The fix is a custom UnmarshalJSON that sniffs the first byte and handles both shapes:

type Authorization struct {
	Code     string `json:"authorization_code"`
	CardType string `json:"card_type"`
	Last4    string `json:"last4"`
	Bank     string `json:"bank"`
	// only set when the API sent the string form
	RawCode string `json:"-"`
}

func (a *Authorization) UnmarshalJSON(b []byte) error {
	b = bytes.TrimSpace(b)
	if len(b) == 0 || string(b) == "null" {
		return nil
	}

	// String form: "AUTH_xxxx". Keep the code, leave card fields empty.
	if b[0] == '"' {
		var code string
		if err := json.Unmarshal(b, &code); err != nil {
			return fmt.Errorf("authorization string form: %w", err)
		}
		a.RawCode = code
		a.Code = code
		return nil
	}

	// Object form. Alias type avoids infinite recursion into this method.
	type alias Authorization
	var full alias
	if err := json.Unmarshal(b, &full); err != nil {
		return fmt.Errorf("authorization object form: %w", err)
	}
	*a = Authorization(full)
	return nil
}

Two lessons came out of this. First, when you integrate a payment API, log raw bodies on decode failure from the start; the error message alone will never tell you the payload changed shape. Second, treat provider API docs as a suggestion and the wire format as the truth.

The limitation I ship with

Honesty section: hookdrop replays requests from its own server.

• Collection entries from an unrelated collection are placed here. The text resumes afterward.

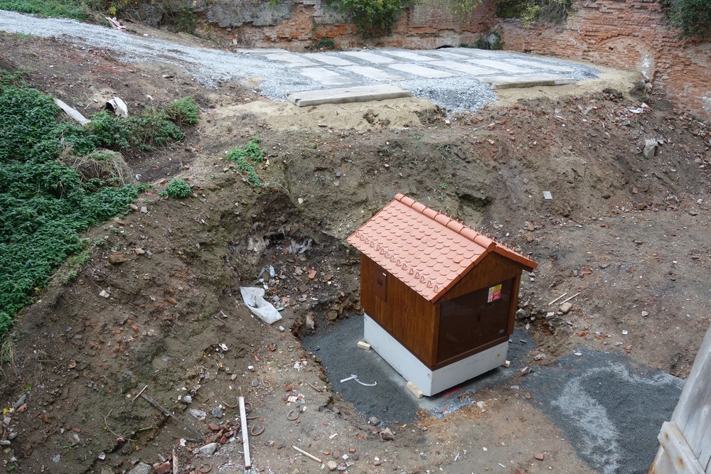 Rajský dvůr – přerušení prací z důvodu nevhodných klimatických podmínek. U subdodavatele zahájena repase dobové kašny určené na rajský dvůr.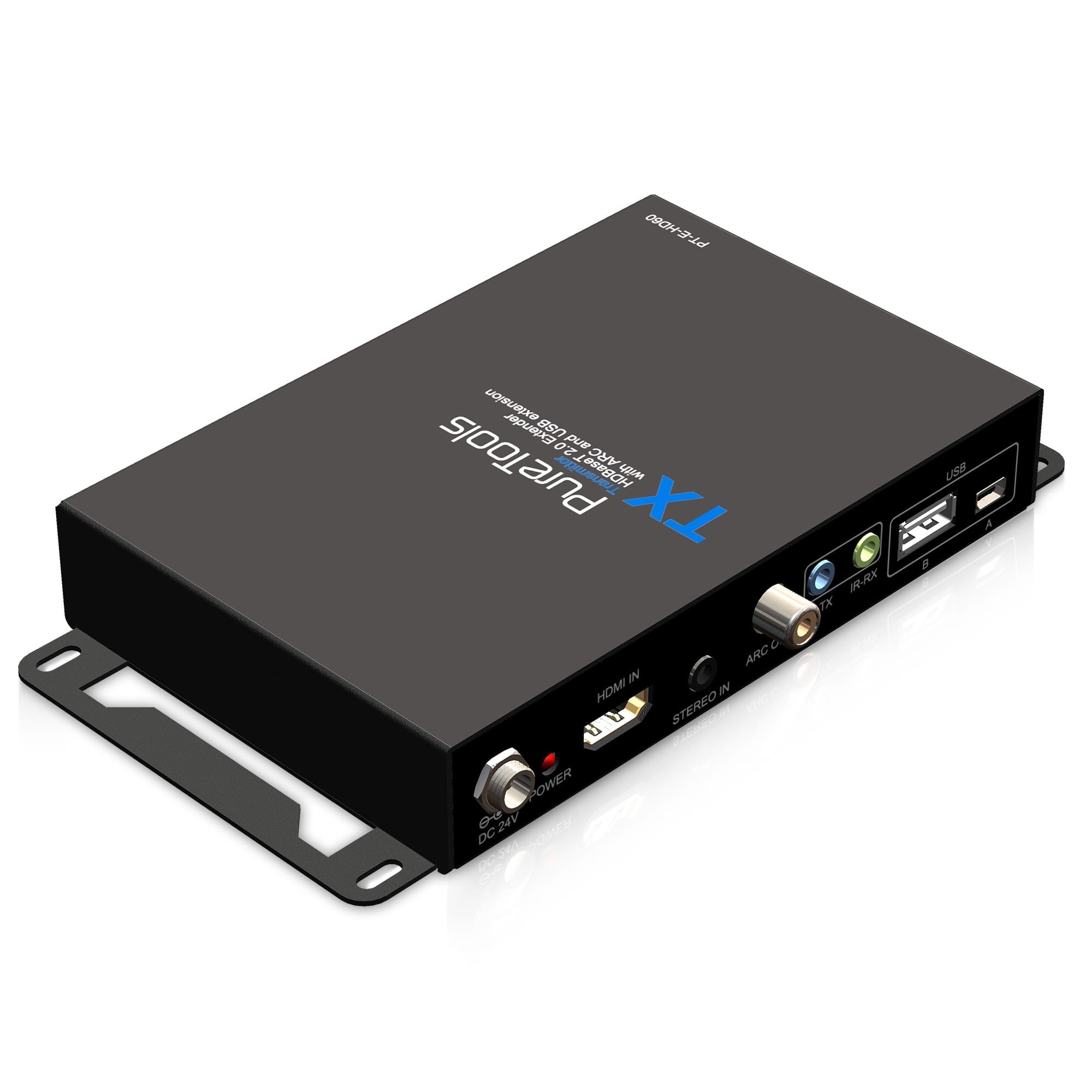 Przedłużacz PT-E-HD60 HDBaseT 2.0 z RS-232, dwukierunkowym IR, Ethernet, PoC, ARC i USB 2.0 zwiększa odległość transmisji A/V do 100 m dla sygnałów HDTV do FullHD/1080p z 48-bitową głębią kolorów, lub w odległości 80 m dla 4K@60 4:2:0, 8 bitów.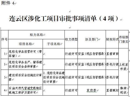 4.连云区涉化工项目审批事项清单(4项)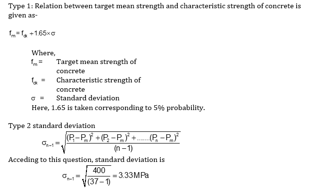 Statistical based quality control for concrete is carried out for a highway project in which 37 concrete samples were tested randomly. The average strength was found to be 40 MPa with a square of deviation of 400 MPa². What is the standard deviation of the test samples?

If your service runs on localhost:3000 during development, the replay cannot reach it. Outbound requests from a VPS do not route into your laptop. Today the workaround is deploying to a staging URL or using any tunnel you already have. The real fix is a small CLI that opens a tunnel and receives replays locally, and it is the next thing on the roadmap. I would rather state that plainly than pretend the gap does not exist.

Results and lessons

  • 49 registered users at launch, with zero paid marketing. Every one came from posts on X and TikTok.
  • Zero downtime through launch week on a single VPS.
  • Billing events flowed through both providers in the first week, and reconciliation matched on both.

What I took away:

  1. Boring infrastructure is a launch strategy. SQLite plus one VPS meant launch week was about users, not incidents.
  2. Distribution is built before the product. The audience I had been teaching for a year was the entire launch channel. The product took four months; the trust took much longer.
  3. Disclose your limitations before users find them. The localhost replay gap is in the docs, phrased exactly as it works. Nobody has churned over it; several people replied that the honesty is why they signed up.